Intestinal ischemia-reperfusion (I/R) injury may cause acute systemic and lung inflammation. Here, we revisited the role of TNF-alpha in an intestinal I/R model in mice, showing that this cytokine is not required for the local and remote inflammatory response upon intestinal I/R injury using neutralizing TNF-alpha antibodies and TNF ligand-deficient mice. We demonstrate increased neutrophil recruitment in the lung as assessed by myeloperoxidase activity and augmented IL-6, granulocyte colony-stimulating factor, and KC levels, whereas TNF-alpha levels in serum were not increased and only minimally elevated in intestine and lung upon intestinal I/R injury. Importantly, TNF-alpha antibody neutralization neither diminished neutrophil recruitment nor any of the cytokines and chemokines evaluated. In addition, the inflammatory response was not abrogated in TNF and TNF receptors 1 and 2-deficient mice.

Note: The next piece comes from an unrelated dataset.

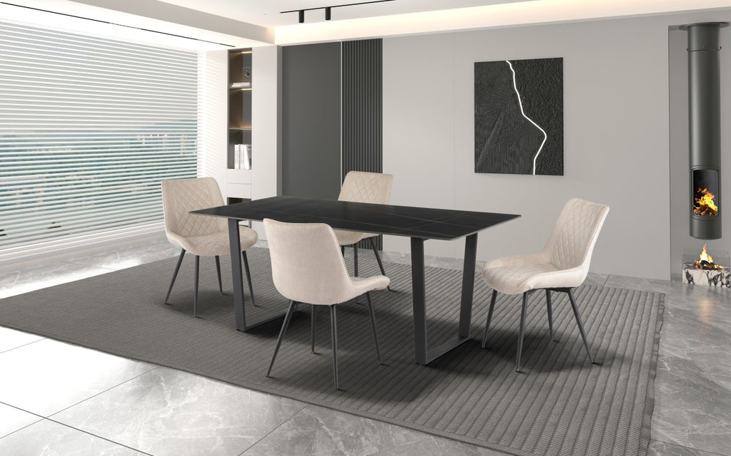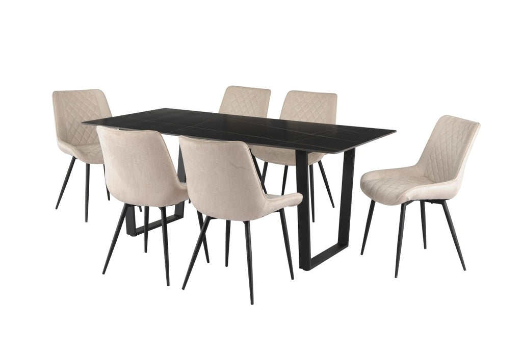 The Zion dining set includes a stylish table and six chairs, making it an ideal choice for your dining space. The contemporary design of the Zion set will instantly elevate the ambiance of your dining room, giving it a fresh and trendy look. The table features a 12mm ceramic tabletop adorned with cascading veins, a design element that adds a touch of sophistication with distinctive pattern. The ceramic surface is not just beautiful but also incredibly resilient, guaranteeing that your dining table remains a statement piece for years to come. Complementing the elegant tabletop are the black powder-coated splayed legs. These legs offer both stability and a sleek, modern aesthetic, ensuring that your dining area is not only stylish but also sturdy. The Zion Dining Chairs are designed with tufted accents, adding a layer of comfort and luxury to your dining experience. These details not only enhance the visual appeal of the chairs but also provide a cozy and inviting place to sit during meals and gatherings.

However, in view of the damage on the intestinal barrier upon intestinal I/R with systemic bacterial translocation, we asked whether Toll-like receptor (TLR) activation is driving the inflammatory response. In fact, the inflammatory lung response is dramatically reduced in TLR2/4-deficient mice, confirming an important role of TLR receptor signaling causing the inflammatory lung response. In conclusion, endogenous TNF-alpha is not or minimally elevated and plays no role as a mediator for the inflammatory response upon ischemic tissue injury. By contrast, TLR2/4 signaling induces an orchestrated cytokine/chemokine response leading to local and remote pulmonary inflammation, and therefore disruption of TLR signaling may represent an alternative therapeutic target.

摘要

肠缺血再灌注(I/R)损伤可引起急性全身和肺部炎症。在这里,我们重新研究了 TNF-α在小鼠肠 I/R 模型中的作用,使用中和 TNF-α抗体和 TNF 配体缺陷小鼠表明,这种细胞因子对于肠 I/R 损伤后的局部和远处炎症反应不是必需的。我们通过髓过氧化物酶活性和增加的 IL-6、粒细胞集落刺激因子和 KC 水平来证明肺中中性粒细胞的募集增加,而血清中 TNF-α水平在肠 I/R 损伤后没有增加,仅在肠和肺中轻微升高。重要的是,TNF-α抗体中和既没有减少中性粒细胞的募集,也没有减少任何评估的细胞因子和趋化因子。此外,在 TNF 和 TNF 受体 1 和 2 缺陷小鼠中,炎症反应没有被阻断。然而,鉴于肠 I/R 导致肠道屏障受损和全身细菌易位,我们询问 TLR 激活是否会驱动炎症反应。事实上,在 TLR2/4 缺陷小鼠中,炎症性肺反应显著降低,这证实了 TLR 受体信号传导在引起炎症性肺反应中起着重要作用。总之,内源性 TNF-α没有升高或升高很小,并且在缺血组织损伤后的炎症反应中不起介导作用。相比之下,TLR2/4 信号诱导协调的细胞因子/趋化因子反应,导致局部和远处的肺部炎症,因此,阻断 TLR 信号可能是另一个治疗靶点。